The book does not offer a conventional history of philosophy, nor does it attempt to settle the meaning of these thinkers. Instead, it uses them as pressure points through which questions of truth, morality, order, meaning, and purpose can be approached anew.
Publication expected: September 2026
About the Book
Human beings do not think, believe, judge, suffer, hope, or act from a position of unlimited capacity. We live under limits: limited energy, limited attention, limited emotional strength, limited tolerance for uncertainty, and limited ability to absorb contradiction.
This book begins from that condition.
Across four philosophical essays, Toward a Philosophy of Coherence asks what happens when truth becomes costly, morality becomes compensatory, order becomes fragile, meaning becomes strained, and purpose becomes the last structure by which consciousness holds itself against collapse.
The essays are shaped by Energetic Consciousness Theory, but they are not presented as a volume of the ECT corpus. They are written as philosophical interpretations that can stand on their own. ECT is used as a lens: a way of seeing structures that are often present but not named.
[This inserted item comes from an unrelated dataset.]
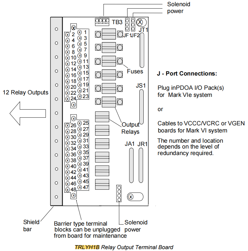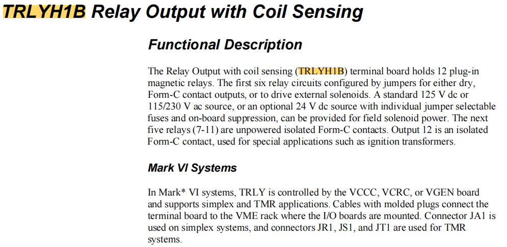 IS200TRLYH1B, Mark VIe için standart röle çıkış terminal kartı.

The central question is not only what human beings believe.
It is what they must build, defend, simplify, or sacrifice in order to remain coherent across time.
The Four Essays
Plato — Coherence Before Truth
The Allegory of the Cave is usually read as a story about ignorance and enlightenment. This essay reads it differently: as a structure of low-cost coherence disrupted by higher-resolution reality.
The cave is not only a prison of illusion. It is also a stabilising environment. The pain of leaving it is not merely resistance to truth, but the cost of reconfiguration.
Nietzsche — Morality Under Constraint
Nietzsche’s genealogy of morality reveals that moral systems are not only claims about good and evil. They are also ways of organising suffering, injury, weakness, blocked agency, and ressentiment.
This essay reads morality as a meaning-regulatory structure: a way in which constrained life converts what it cannot master into something it can interpret.
Hobbes — Order Before Meaning
Hobbes is often read as a theorist of fear, sovereignty, and political order. This essay approaches him through a more basic problem: the baseline stability without which meaning, trust, promise, morality, and future expectation cannot function.
Before human beings can pursue higher meaning, they require a world stable enough for action to matter.
Frankl — Purpose When Meaning Collapses
Frankl is commonly read as a thinker of meaning under suffering. This essay asks whether, under extreme deprivation, what remains is always meaning in the full sense, or whether meaning may contract into purpose.
Purpose, in this reading, is meaning directed toward the future. At the limit, it may become the last thread by which consciousness resists collapse.